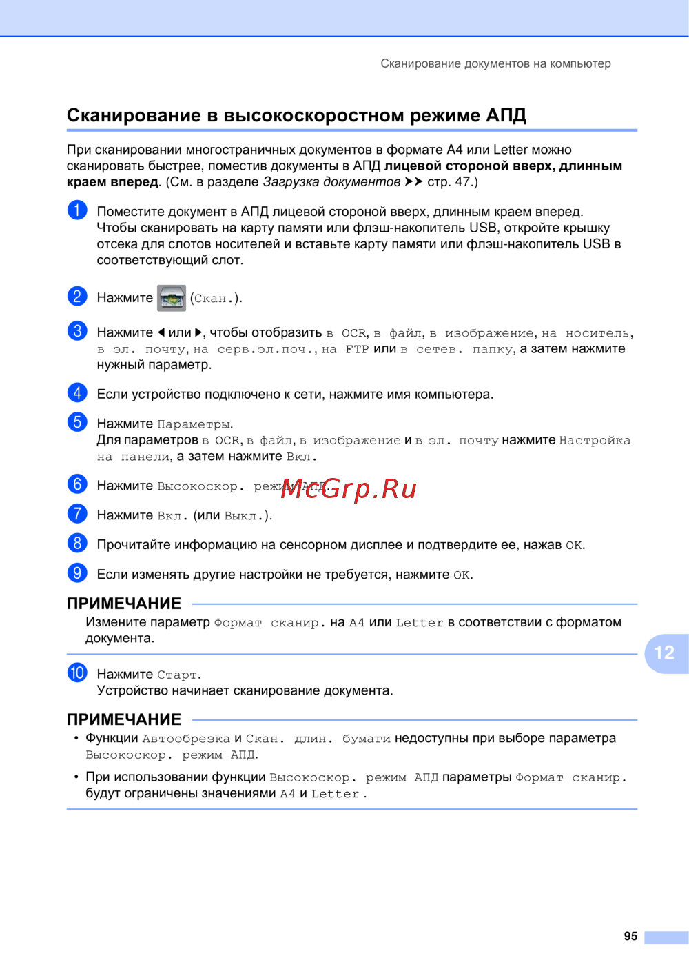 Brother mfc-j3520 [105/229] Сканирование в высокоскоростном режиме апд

★ ★ ★ ★

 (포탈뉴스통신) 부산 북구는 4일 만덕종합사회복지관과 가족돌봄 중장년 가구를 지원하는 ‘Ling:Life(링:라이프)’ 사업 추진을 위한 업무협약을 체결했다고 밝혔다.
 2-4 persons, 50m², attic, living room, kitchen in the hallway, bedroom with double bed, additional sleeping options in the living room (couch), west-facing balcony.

★ ★ ★ ★

What is needed: Take exactly the lines from the one containing "(포탈뉴스통신) 부산 북구는" through the one containing "2-4 persons, 50m², attic, living" in the data above, and output them with nothing added.

Solution below:
 (포탈뉴스통신) 부산 북구는 4일 만덕종합사회복지관과 가족돌봄 중장년 가구를 지원하는 ‘Ling:Life(링:라이프)’ 사업 추진을 위한 업무협약을 체결했다고 밝혔다.
 2-4 persons, 50m², attic, living room, kitchen in the hallway, bedroom with double bed, additional sleeping options in the living room (couch), west-facing balcony.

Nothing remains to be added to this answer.